Print only the lines from the one with "Bolinhas preto e" through the end of the data, exactly, and please omit pictures.

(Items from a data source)
..............................

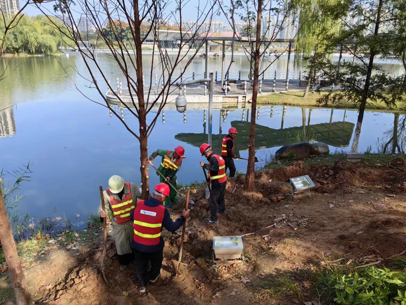 建發公司市政物業部根據今年氣候特點和苗木品種特性分階段性有計劃實施補植工作。提前做好死亡、缺失、長勢不良綠化苗木統計工作,同時針對補植量大的日本晚櫻綠化苗木開展專項考察工作;其次召開專題會議,要求施工單位根據苗木生活習性,堅持“先落葉、后常綠、先喬木、后灌木”的原則,結合今年氣候特點,合理安排補苗時間,確保入冬前全部補植到位;最后強調施工單位對新補植苗木澆灌“定根水、生根劑”和加強樹穴病毒消殺、支撐、防寒保暖等相關措施,提高苗木成活率。
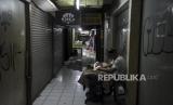 Penjahit tidur di kiosnya di Pasar Kosambi, Kota Bandung, Jawa Barat, Kamis (13/4/2023). (FOTO : ABDAN SYAKURA/REPUBLIKA)
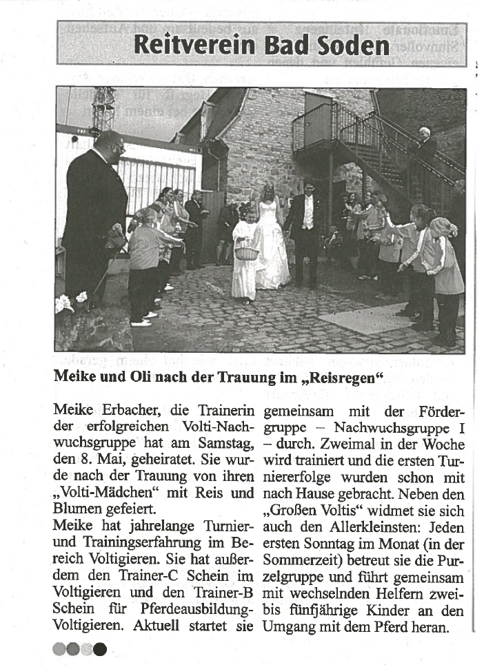Meike Erbacher, die Trainerin der erfolgreichen Volti-Nachwuchsgruppe hat am Samstag, den 8. Mai, geheiratet.
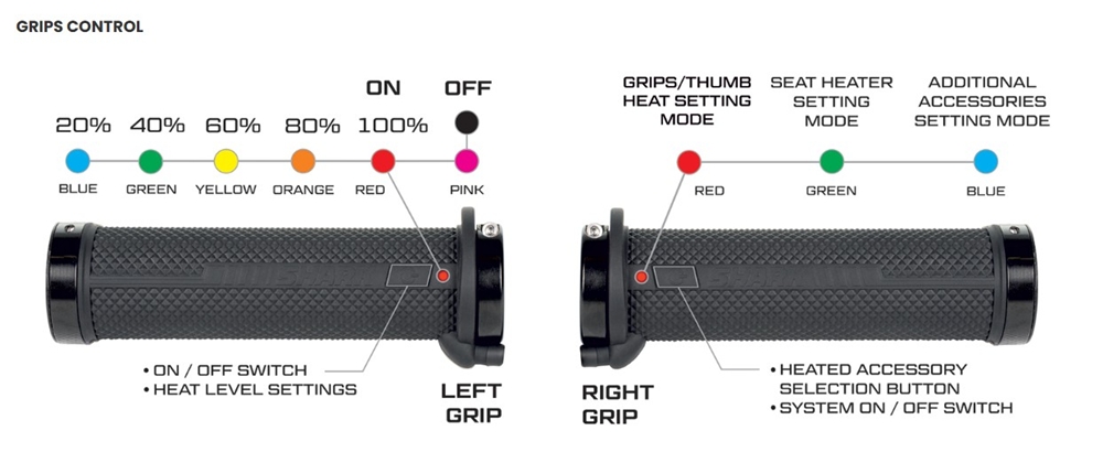 Der rechte Lenkergriff ist der Kontroller mit dem die 2 Heizzonen regelt werden kann. Der linke Lenkergriff regelt die Heizleistung für die Lenkergriffe und Daumengashebel zusammen und der Sitzheizung separat.
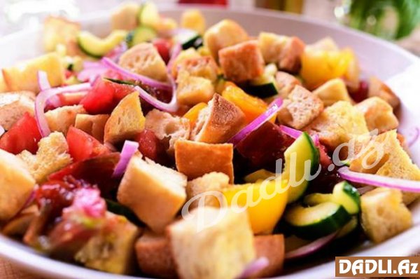 2. Xıyarı yarımhalqa, pomidorları uzunsov dilimlərlə, qırmızı soğanı isə nazik halqa formasında doğrayın. İri qabda tərəvəzləri və çörəkləri qarışdırın.
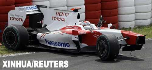 5月10日,豐田車隊車手特魯利駕駛的賽車發(fā)生碰撞后停下。當日,F(xiàn)1西班牙大獎賽落幕,布朗GP車隊的英國車手巴頓奪得冠軍。新華社/路透
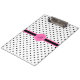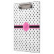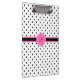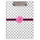Bolinhas preto e branco monograma com prancheta de destaque rosa quente. Um padrão preto sobre bolinhas branca, uma banda preta com uma borda rosa quente e um círculo rosa quente no meio com sua letra personalizada. A letra pode ser alterada.
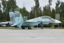 ![]() سوخوي إس يو-27 تابع لفريق فرسان روسيا للاستعراض الجوي. | ||||
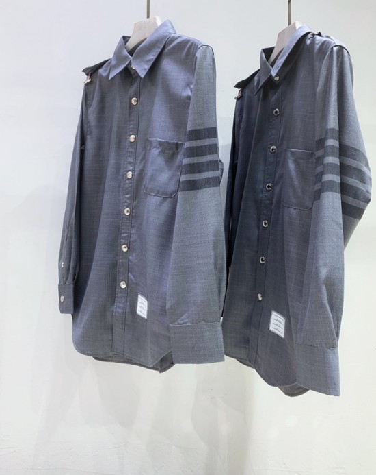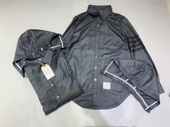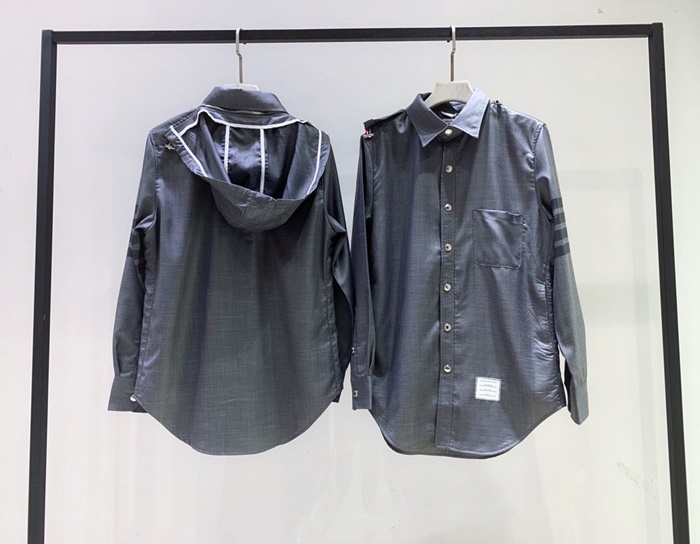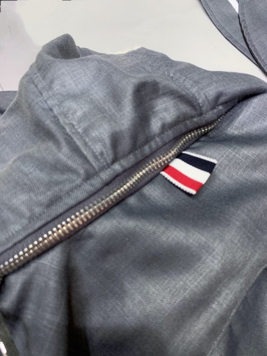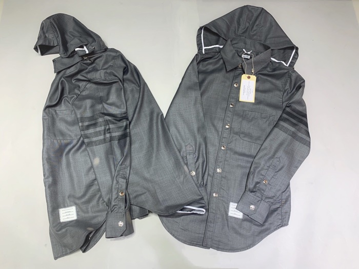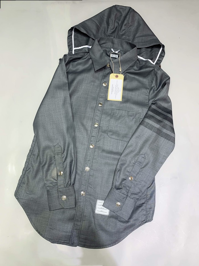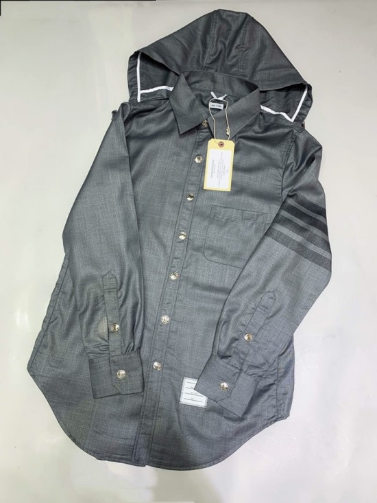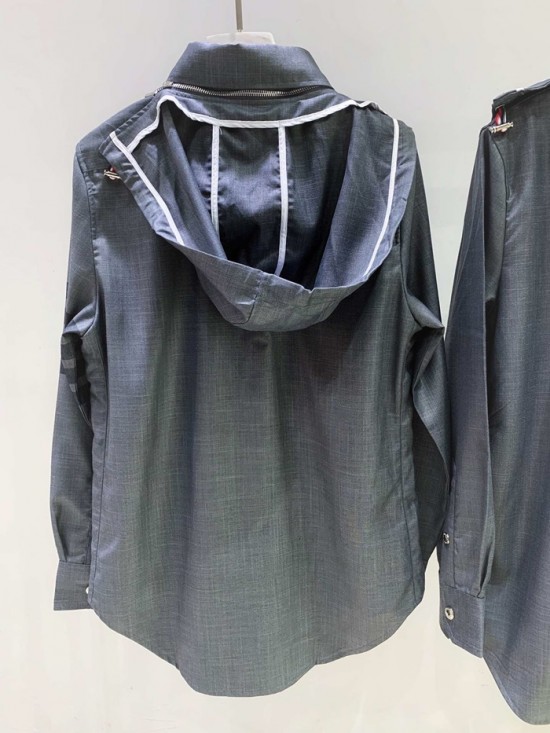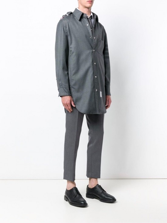トムブラウンメンズストラップコットンフードシャツm0574.グレー

..............................

▶ Problem solution:
Bolinhas preto e branco monograma com prancheta de destaque rosa quente. Um padrão preto sobre bolinhas branca, uma banda preta com uma borda rosa quente e um círculo rosa quente no meio com sua letra personalizada. A letra pode ser alterada.
 ![]() سوخوي إس يو-27 تابع لفريق فرسان روسيا للاستعراض الجوي. | ||||
トムブラウンメンズストラップコットンフードシャツm0574.グレー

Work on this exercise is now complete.